1 :There was a recent issue with Amazon cloud system. What are the security implications of the problem.
The following problems are from the text book (Pfleeger, 4th edition):
10 : List the major security issues dealt with at each level of the OSI protocol stack.
19 : A port scanner is a tool useful to an attacker to identify possible vulnerabilities in a potential victim's system. Cite a situation in which someone who is not an attacker could use a port scanner for a nonmalicious purpose.
22 (partial) : How many 4-digit numeric PINs are there? Suppose a ban prohibits "obvious" PINs like 0000 and 1234. What would you define as "obvious," and how many PINs would that disallow?
24 : Suggest a countermeasure for traffic flow analysis.
27 : How can a web site distinguish between lack of capacity and a denial-of-service attack?

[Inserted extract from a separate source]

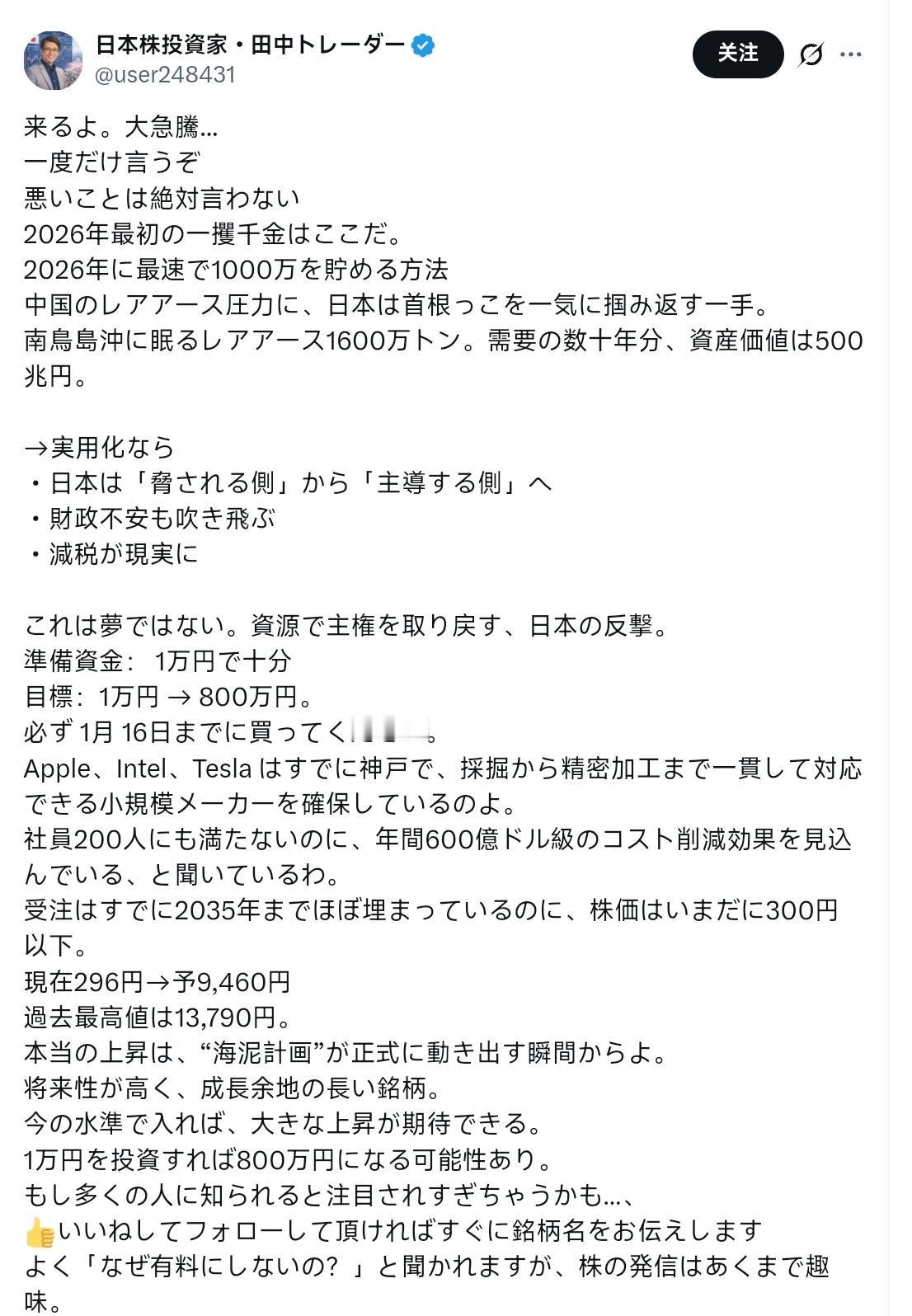 日本股市神棍:它要来了。一股巨大的浪潮…… 我再说一遍,我永远不会说任何坏话。 这是你2026年第一个快速致富的大好机会。 2026 年最快节省 1000 万日元的方法:日本采取重大举措,遏制中国稀土供应压力。 南鸟岛海岸附近蕴藏着 1600 万吨稀土,足以满足未来几十年的需求,资产价值达 500 万亿日元。 →如果这成为现实,日本将从受到威胁的国家转变为引领国家的国家,财政担忧将被消除,减税将成为现实。 这不是梦。日本将凭借自身资源奋起反击,重夺主权。 所需资金:10,000日元即可。目标:10,000日元→ 800万日元。 请务必在1月16日前购买。 苹果、英特尔和特斯拉在神户已经拥有小型制造工厂,可以处理从采矿到精密加工的所有业务。 我听说他们预计每年可以节省 600 亿美元,尽管他们的员工不到 200 人。 尽管订单几乎已经排到了 2035 年,但股价仍然低于 300 日元。 当前价格:296日元→预测价格:9460日元,历史最高价格:13790日元。 真正的上升趋势将从“海泥计划”正式启动的那一刻开始。 一只具有巨大未来潜力和长期增长潜力的股票。 如果你以当前价位买入,预计会有大幅上涨。 如果你投资1万日元,就有可能将其变成800万日元。 如果很多人知道了,可能会引起过多关注…… 👍如果您喜欢并关注我们,我们会立即告诉您股票名称。我经常被问到“为什么不收费?”,但发布股票信息只是我的一个爱好。

For example, web sites often experience a tremendous increase in volume of traffic right after an advertisement with the site's URL is shown on television during the broadcast of a popular sporting event. That spike in usage is the result of normal access that happens to occur at the same time. How can a site determine that high traffic is reasonable?
54 : Do firewall rules have to be symmetric? That is, does a firewall have to block a particular traffic type both inbound (to the protected site) and outbound (from the site)? Why or why not?
63 : Can encrypted e-mail provide verification to a sender that a recipient has read an e-mail message? Why or why not?
What to turn in: A softcopy of your solutions (could be a scanned version of the hard copy of the solutions) to be uploaded to WebCT.